Botox Injections

History Of Injectable Collagens

11 July 2008 · Written by Martin · No Comments

Soft tissue fillers have been used for more than a century to improve contours, soften rhtytides, blunt depressed scars, and enhance lips. The history of soft tissue augmentation dates back to 1893, when Neuber first attempted to use autologous fat transfer for tissue augmentation. He utilized blocks of free fat harvested from the arms to reconstruct depressed facial defects. In 1899 Gersvny injected paraffin into the scrotum as a testicular prosthesis for a patient with advanced tuberculosis.

Lexor, in 1910, used large-block grafts to treat malar depressions associated with chin recession. This was followed by Brunings, who in 1911 first described using the syringe technique to transfer free fat. In 1950, Peer reported 50% survival of transplanted fat using syringe aspiration. Baronders published a review of permanent soft tissue augmentation with liquid silicone in 1953. Although useful when injected by an experienced physician, this product has had a tumultuous history and continues to be controversial. Silicone’s sole approval is for retinal tamponade in patients with retinal detachments. Fortunately, there is an ongoing multi-center study exploring the benefits of injectable microdroplet silicone for patients suffering from facial lipoatrophy due to infection with the human immunodeficiency virus (HIV). Due to the FDA Modernization Act, which allows the use of medical devices off-label, silicone (Silikon 1000, Alcon Inc., Fort Worth, Texas) has been used for off-label indications with increasing frequency for permanent soft tissue augmentation. In fact, when used appropriately by experienced physicians with the microdroplet technique, medical grade silicone has provided good results. However, when administering this product physicians must discuss its use with their medical malpractice carriers because the administration of silicone may not be covered in the event of legal action.

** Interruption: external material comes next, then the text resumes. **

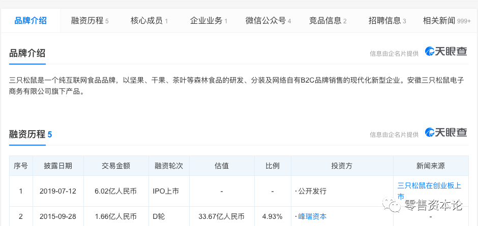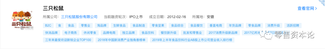天眼查数据显示,三只松鼠是一个纯互联网食品品牌,以坚果、干果、茶叶等森林食品的研发、分装及网络自有B2C品牌销售的现代化新型企业。安徽三只松鼠电子商务有限公司旗下产品。

One of the most significant advances in soft tissue augmentation was the introduction of bovine collagen. Initial investigations began in earnest in 1958 and continued through the next 2 decades. In 1981 Zyderm I (McGhan Medical, Santa Barbara, CA) became the first FDA-approved xenogenic agent for soft tissue augmentation. Following this the two additional formulations of bovine collagen, Zyderm II and Zyplast, were granted FDA approval. Until 2003, when the injectable hyaluronic acids became available, bovine collagen remained the most commonly used dermal filler. It is perhaps the success and availability of these products that ushered in a renewed quest for the ideal formulation for soft tissue augmentation. In 2006, following the acquisition of Inamed Corporation (Santa Barbara, CA), all of the commercially available collagen products became available from the sole distributor, Allergan (Irvine, CA).

No two wrinkles are created equal as each has a different derivation, and they vary in shape and size. As such there is no one filler agent that is suitable for all defects.

Therefore treatment should be predicated based on the defect and individualized to each patient’s needs. The selection of the appropriate implant; whether dermal or subcutaneous, temporary or permanent; liquid or solid, requires knowledge of all of the available materials as well as their characteristics. Furthermore filler substances may be used as monotherapy or combined with other dermal implants or other procedures such as resurfacing, botulinum toxin, or surgery.